Barmen

Chambers's Encyclopaedia, Volume 1: A to Beaufort, p. 744–745

Barmen, a busy town in the district of Düsseldorf, Rhenish Prussia, extending in the beautiful valley of the Wupper for about 4 miles from close to Elberfeld almost to Langenfeld. It consists of a group of villages and three chief parts now connected together—Upper, Middle, and Lower Barmen—which united form the town of Barmen. Nowhere in Germany is so much manufacturing industry accumulated in a single spot. Barmen is the principal seat of the ribbon-manufacture on the Continent. Its fabrics go to all parts of the world. It produces linen, woollen, cotton, silk, and half-silk ribbons, cloth of various kinds, stay-laces, and thread. It has also considerable manufactures of soap, candles, metal wares, buttons, machinery, and pianofortes. There are, besides, in the valley, numerous bleach-fields and Turkey-red dye-works.
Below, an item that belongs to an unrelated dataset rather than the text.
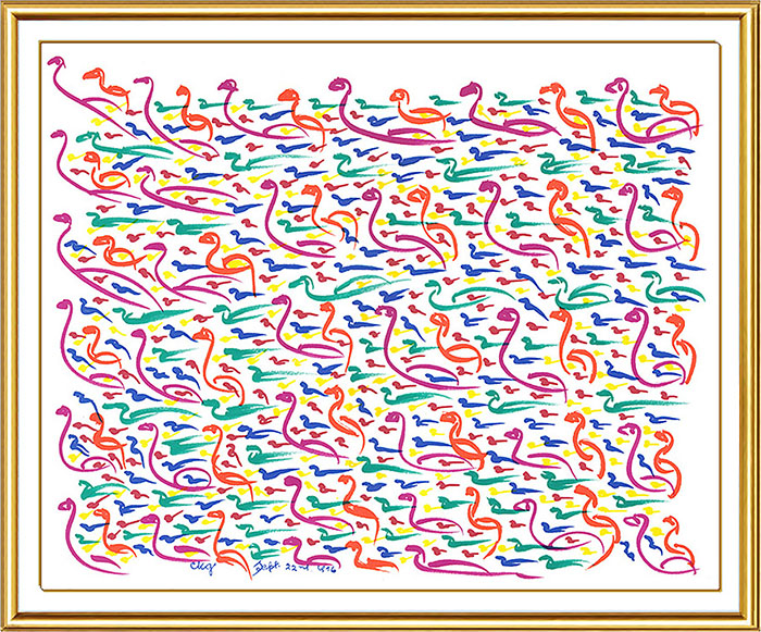This artwork, created in New York, is gifted by Sri Chinmoy to The Victorian Arts Centre (later known as Arts Centre Melbourne) and is accepted by Antony Rouse, Assistant General Manager in November 1996. It remains in the permanent collection of Arts Centre Melbourne, Southbank, Melbourne, Victoria, Australia.
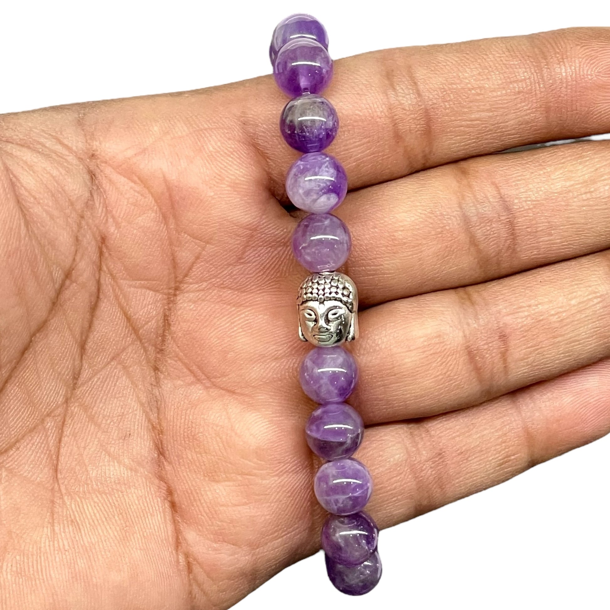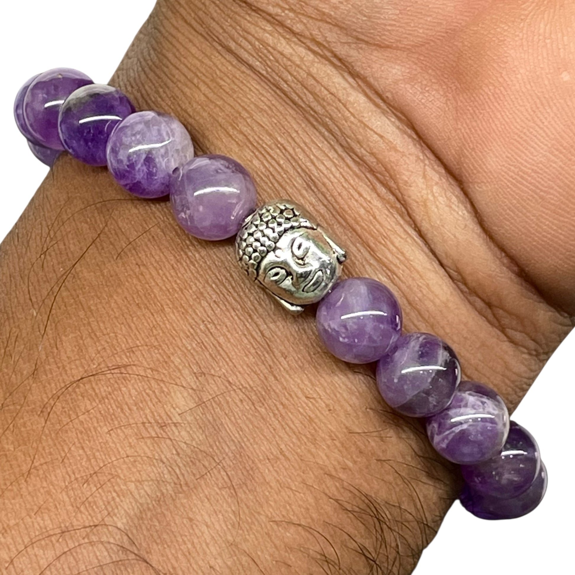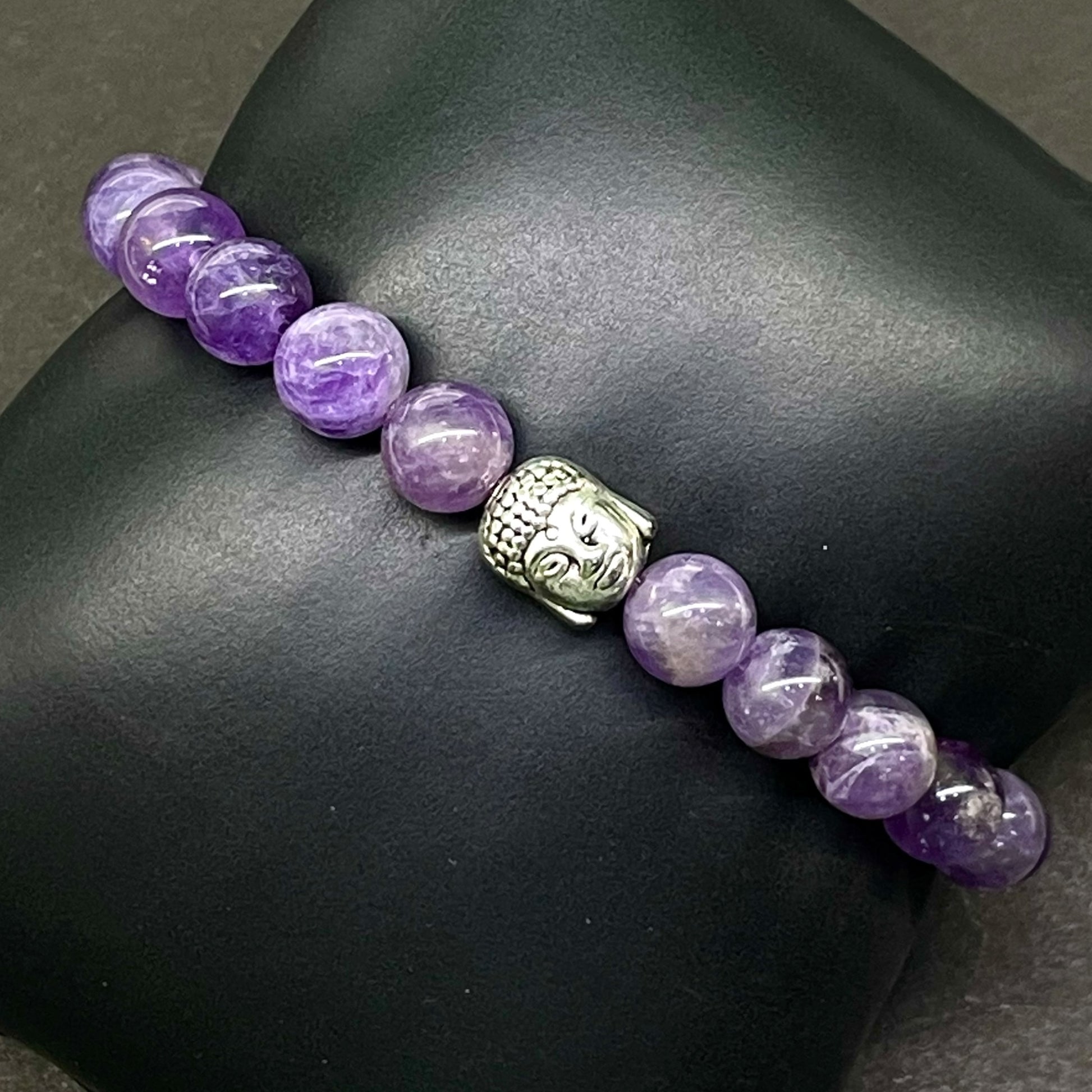 Handmade Amethyst Stretch Bracelet – 8mm Natural Gemstone Beads with Silver Buddha Head

Its workmen number 20,000, and the annual value of its manufactures is as much as £6,000,000. Barmen is a great missionary centre, and possesses the mission-house and seminary of foreign missions belonging to the Rhenish Missionary Society. Most of its inhabitants (in 1871, 74,947; in 1890, 116,144) are Protestants—only 15,000 being Catholics.